Tagga tutto con scenario ID o synthetic user ID così gli analisti possono allineare gli osservabili alla tecnica AADAPT esercitata.

6. Purple-team loop e metriche di maturità

  1. Esegui lo scenario nell’ambiente controllato e cattura le detection (alert, dashboard, responder pagati).
  2. Mappa ogni step alle specifiche tecniche AADAPT più gli osservabili prodotti nei piani chain/app/KMS/oracle/bridge.
  3. Formula e deploya ipotesi di detection (regole di soglia, ricerche di correlazione, check di invariant).
  4. Rilancia fino a quando mean time to detect (MTTD) e mean time to contain (MTTC) incontrano le tolleranze di business e i playbook fermano in modo affidabile la perdita di valore.

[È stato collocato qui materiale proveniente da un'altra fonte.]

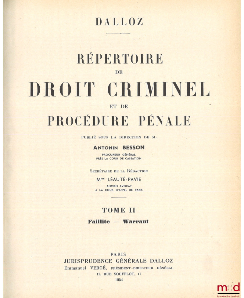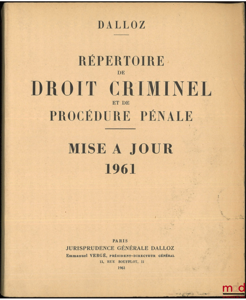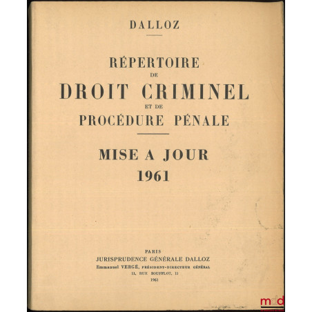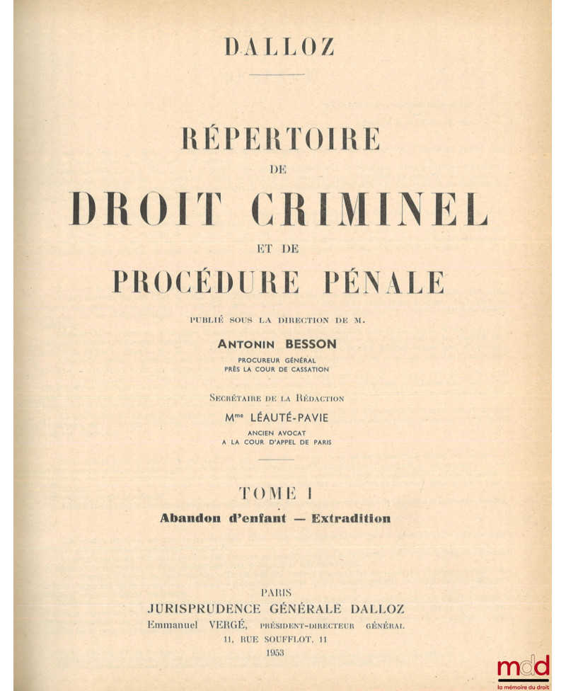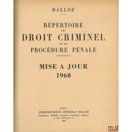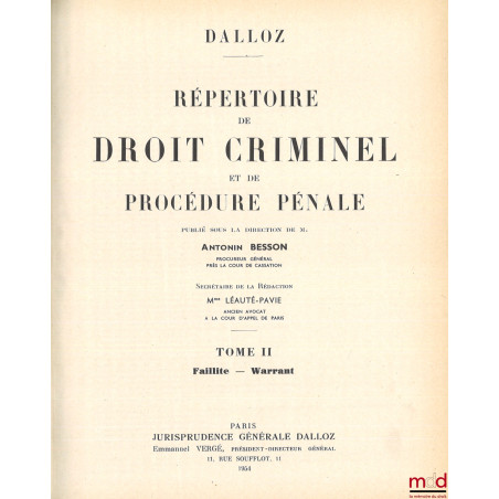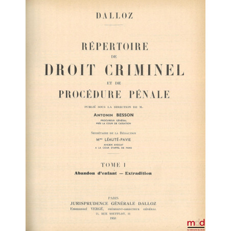 RÉPERTOIRE DE DROIT CRIMINEL ET DE PROCÉDURE PÉNALE publié sous la direction de Antonin BESSON, t. I : Abandon d’enfant - Extradition, t. II : Faillite - Warrant, Mise à jour 1960, Mise à jour 1961

Traccia la maturità del programma su tre assi:

  • Visibility: ogni percorso critico del valore ha telemetria in ciascun piano.
  • Coverage: proporzione delle tecniche AADAPT prioritarie esercitate end-to-end.
  • Response: capacità di mettere in pausa contract, revocare key o bloccare flow prima di una perdita irreversibile.

Milestone tipiche: (1) inventario del valore completato + mappatura AADAPT, (2) primo scenario end-to-end con detection implementate, (3) cicli purple-team trimestrali che espandono la coverage e riducono MTTD/MTTC.

7. Template di scenario

Usa questi blueprint ripetibili per progettare simulazioni che mappano direttamente ai comportamenti AADAPT.

Scenario A – Flash-loan economic manipulation

  • Objective: borrow transient capital inside one transaction to distort AMM prices/liquidity and trigger mispriced borrows, liquidations, or mints before repaying.
  • Execution:
  1. Fork the target chain and seed pools with production-like liquidity.
  2. Borrow large notional via flash loan.
  3. Perform calibrated swaps to cross price/threshold boundaries relied on by lending, vault, or derivative logic.
  4. Invoke the victim contract immediately after the distortion (borrow, liquidate, mint) and repay the flash loan.
  • Measurement: Did the invariant violation succeed? Were slippage/price-deviation monitors, circuit breakers, or governance pause hooks triggered? How long until analytics flagged the abnormal gas/call graph pattern?

Scenario B – Oracle/data-feed poisoning

  • Objective: determine whether manipulated feeds can trigger destructive automated actions (mass liquidations, incorrect settlements).
  • Execution:
  1. In the fork/testnet, deploy a malicious feed or adjust aggregator weights/quorum/update cadence beyond tolerated deviation.
  2. Let dependent contracts consume the poisoned values and execute their standard logic.
  • Measurement: Feed-level out-of-band alerts, fallback oracle activation, min/max bound enforcement, and latency between anomaly onset and operator response.

Scenario C – Credential/signing abuse

  • Objective: test whether compromising a single signer or automation identity enables unauthorized upgrades, parameter changes, or treasury drains.
  • Execution:
  1. Enumerate identities with sensitive signing rights (operators, CI tokens, service accounts invoking KMS/HSM, multisig participants).
  2. Simulate compromise (re-use their credentials/keys within the lab scope).
  3. Attempt privileged actions: upgrade proxies, change risk parameters, mint/pause assets, or trigger governance proposals.
  • Measurement: Do KMS/HSM logs raise anomaly alerts (time-of-day, destination drift, burst of high-risk operations)? Can policies or multisig thresholds prevent unilateral abuse? Are throttles/rate limits or additional approvals enforced?

Scenario D – Cross-chain evasion & traceability gaps

  • Objective: evaluate how well defenders can trace and interdict assets rapidly laundered across bridges, DEX routers, and privacy hops.
  • Execution:
  1. Chain together lock/mint operations across common bridges, interleave swaps/mixers on each hop, and maintain per-hop correlation IDs.
  2. Accelerate transfers to stress monitoring latency (multi-hop within minutes/blocks).
  • Measurement: Time to correlate events across telemetry + commercial chain analytics, completeness of the reconstructed path, ability to identify choke points for freezing in a real incident, and alert fidelity for abnormal cross-chain velocity/value.